# EXERCISE REQUIREMENTS:
The part below that opens with the line containing "Комплект от две" and closes with the line containing "- 高齢者の自立生活支援セミナー FacebookTwitter" should be copied exactly, minus any pictures.

# ENTRIES PROVIDED:
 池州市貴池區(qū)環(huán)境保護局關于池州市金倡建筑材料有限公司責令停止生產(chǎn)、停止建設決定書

==

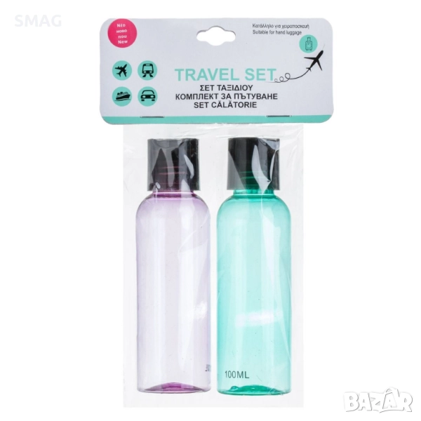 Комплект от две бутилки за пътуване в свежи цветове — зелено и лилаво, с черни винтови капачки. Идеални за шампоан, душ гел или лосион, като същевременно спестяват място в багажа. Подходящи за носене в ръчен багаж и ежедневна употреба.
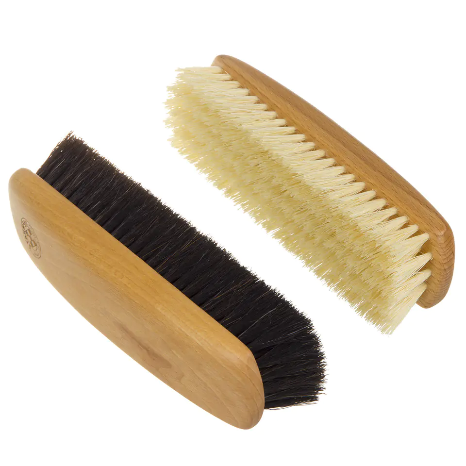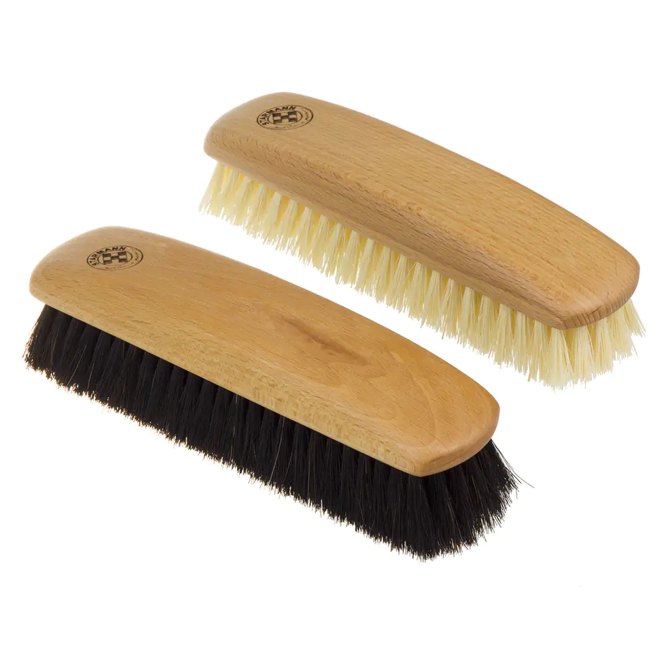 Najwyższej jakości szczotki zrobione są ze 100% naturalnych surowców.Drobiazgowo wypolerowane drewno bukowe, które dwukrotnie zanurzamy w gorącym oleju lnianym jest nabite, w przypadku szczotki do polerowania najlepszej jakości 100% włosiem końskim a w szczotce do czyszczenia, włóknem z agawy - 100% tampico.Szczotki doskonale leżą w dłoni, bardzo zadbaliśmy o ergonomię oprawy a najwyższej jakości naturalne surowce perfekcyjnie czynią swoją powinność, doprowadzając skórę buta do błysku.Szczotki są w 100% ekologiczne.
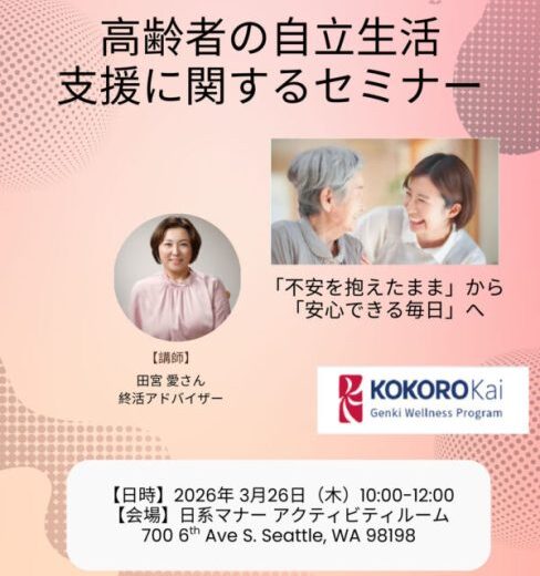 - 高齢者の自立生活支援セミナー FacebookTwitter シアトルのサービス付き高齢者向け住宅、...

# WRITTEN ANSWER:
 Комплект от две бутилки за пътуване в свежи цветове — зелено и лилаво, с черни винтови капачки. Идеални за шампоан, душ гел или лосион, като същевременно спестяват място в багажа. Подходящи за носене в ръчен багаж и ежедневна употреба.
 Najwyższej jakości szczotki zrobione są ze 100% naturalnych surowców.Drobiazgowo wypolerowane drewno bukowe, które dwukrotnie zanurzamy w gorącym oleju lnianym jest nabite, w przypadku szczotki do polerowania najlepszej jakości 100% włosiem końskim a w szczotce do czyszczenia, włóknem z agawy - 100% tampico.Szczotki doskonale leżą w dłoni, bardzo zadbaliśmy o ergonomię oprawy a najwyższej jakości naturalne surowce perfekcyjnie czynią swoją powinność, doprowadzając skórę buta do błysku.Szczotki są w 100% ekologiczne.
 - 高齢者の自立生活支援セミナー FacebookTwitter シアトルのサービス付き高齢者向け住宅、...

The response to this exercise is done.